Всю жизнь мы мечемся, ища, пытаясь назвать то немногое, ради чего живём.



И упорно сопротивляемся тому, что не есть мечта. И как же удивляемся, рано или поздно, понимая, что всю жизнь только готовились к смерти.

 

Вам знакома упругая уверенность в теле, дающая возможность совершить всё, что заблагорассудится? А пророческая ясность ума - когда все слова и поступки других людей становятся предсказуемыми и управляемыми? А ощущения жизни - наполняющейся только тем, что понастоящему важно и необходимо? Если да - то вы меня поймёте.

 

За полночь я вернулся в таверну, где разговаривал с Гасконцем, нашёл его. Оказалось, он там же и остановился. И появившись перед ним, зажав в охапке дюжину бутылок лучшего бургунского вина, сказал: «я, согласен».

 

Что мне было труднее - управлять людьми, выстраивая правильную организацию армии, способной позаботиться о себе до битвы и победить в битве, или заставить людей принять мою волю? Неверно и то, и другое. Возглавив восстание, я окунулся в среду, где знакомое переплеталось с незнакомым.

По прошлому опыту я знал - дисциплина основывается на корысти и страхе смерти, здесь не было ни того, ни другого. Всё заменила идея свободы, и относительно её каждый считал себя полководцем, точно зная, как нужно делать то дело, что называлось восстанием.

Были и наказания, и дуэли, и даже казни, но что значит смерть по сравнению с тем, что двигало нами? Свобода, разрешение старых обид, возможность занять в новом мире то место, которого ты достоин или думаешь, что достоин.

Сейчас я не помню, что для меня случалось чаще - два часа спокойного сна или две дуэли за день с теми, кто свободу воспринимал слишком буквально, отказываясь выполнять мои распоряжения и приказы. Но хорошо помню, что в первые месяцы восстания не было ни одного предателя. Они появились потом, когда первая эйфория сменилась необходимостью тяжкого солдатского труда.

С самого начала подготовки восстания мы с Гасконцем (так я навсегда прозвал того, кто получил моё согласие возглавить бунтовщиков) решили отказаться от разъездов, связанных с ними денежных, временных затрат и риска быть схваченными. Мы начали свою деятельность по привлечению на свою сторону людей и денег с того городка в центре Гаскони, где встретились, и который традиционно только терпел королевскую власть. Трактир, где жил я и мой первый генерал Гасконец, стал штабом. Сюда приходили люди и разъезжались по стране, развозя письма, приказы и деньги. Кстати, деньги появились уже на второй день.

 

Принято считать гасконцев небогатыми людьми, но только сами гасконцы знают, что за этим мнением окружающих - горы горшков с золотом и серебром, добытых поколениями разбоев и войн по всей Европе и Британии. Эти деньги стали нашими.
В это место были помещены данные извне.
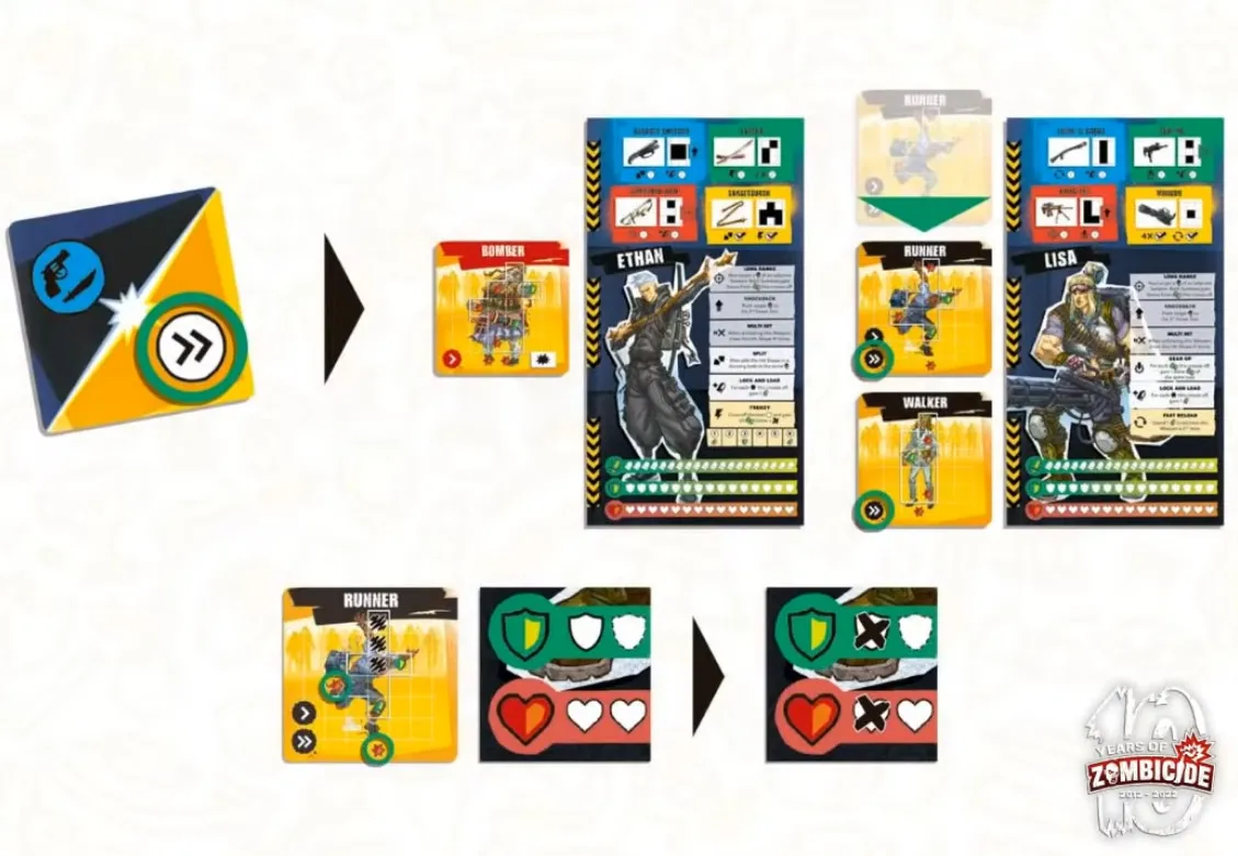 • Avancée des zombies : chaque zombie qui a une icône déplacement qui correspond à celle de la carte tour va avancer, descendre d’un cran vers la bas, et si un zombie ne peut pas se déplacer, il attaque et inflige autant de blessure au survivant que d’étoile rouge encore visible sur sa carte.

Делегация старейших родов, посетившая штаб, то есть меня и моего единственного, на тот момент, соратника, заверила в своей преданности (в чём я не усомнился ни разу), готовности встать в строй (что тоже подтвердилось) и намерение финансировать предприятие, затеянное мной.

 

Перво-наперво мы разработали план восстания. Определили цели и задачи каждого этапа и, исходя из этого, стало ясно, с чего начать, сколько нужно людей и где.
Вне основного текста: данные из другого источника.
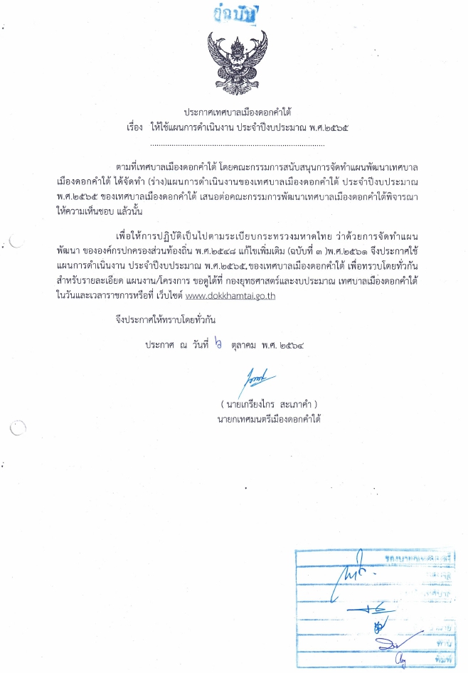 2 | การติดต่อหน่วยงานเทศบาลเมืองดอกคำใต้ | สำนักปลัด |

Устраивая организацию как полноценный живой организм, способный к развитию и подчинённый единому управлению, мы тщательно отбирали конкретных исполнителей и руководителей промежуточных звеньев. Создавали воззвания и петиции, чтобы привлечь на нашу сторону не просто людей, а тех, кто был нам близок, понятен, обладал необходимыми знаниями.
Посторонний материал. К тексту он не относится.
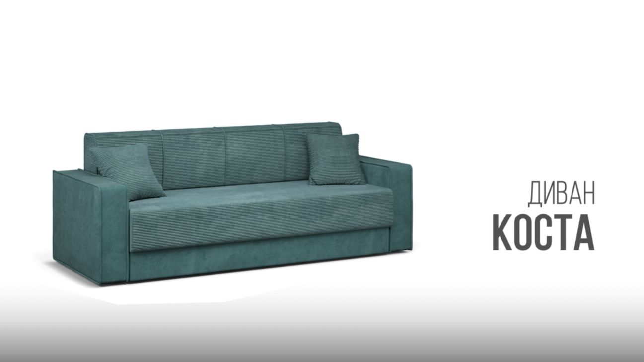 "Диван «Коста» — это воплощение уюта в стиле минимализм. Лаконичный силуэт без приспинных подушек создаёт ощущение простора и лёгкости, а спинка с элегантными вертикальными защипами и декоративный кант по периметру придаёт модели утончённый вид. В комплект входят две декоративные подушки, подчёркивающие общий стиль дивана. Надёжный механизм трансформации «еврокнижка» с лёгкостью превращает его в полноценное спальное место. Металлические направляющие с закругленным окончанием надежно фиксирует посадочную часть в собранном и разложенном виде, делают раскладку легкой. Независимый пружинный блок в наполнении обеспечивает высокий уровень комфорта и оптимальную поддержку во время сна. Просторный бельевой ящик удобно разместит постельные принадлежности или сезонную одежду."

Смотр первых двух полков численностью по сто человек состоялся через месяц. Через три месяца у нас было уже тысяча человек. А через полгода мы дали первое сражение королевским войскам и выиграли его.

Всё шло хорошо. Слишком хорошо.

 

Несмотря на наши явные успехи, я ждал появления того, что мы не учли и что представляет угрозу именно по причине неизвестности. Оно уже было. Оно уже есть. Где–то поблизости собирался грозовой фронт, со шквальными ветрами и градом с голубиное яйцо, способный уничтожить всё, что я не смогу защитить. Даже ближайшие соратники не знали о моих предчувствиях.

 

Я по-прежнему не высыпался и часто недоедал. Много думая и принимая решения, я постепенно приходил к такому состоянию сознания, где сам разум уже мало зависел от тела. В голове я постоянно сохранял, общий образ всей деятельности восстания. Любые изменения виляли на моё видение. Я, не пользуясь картами и записями, выдавал решения и приказы, точно зная, что у меня где и кто у меня есть, помня, что уже произошло и что ещё будет происходить, успевая подумать о многих вариантах развития событий. Я был самим восстанием. К сожаленью, на такое был способен я один. Это вызывало восторг и благоговение, ровно столько же, как страх и недоверие. Но пока я побеждал, всё это не имело значения. Пока побеждал…

 

 


Дата добавления: 2018-04-15; просмотров: 140; Мы поможем в написании вашей работы!

Поделиться с друзьями:






Мы поможем в написании ваших работ!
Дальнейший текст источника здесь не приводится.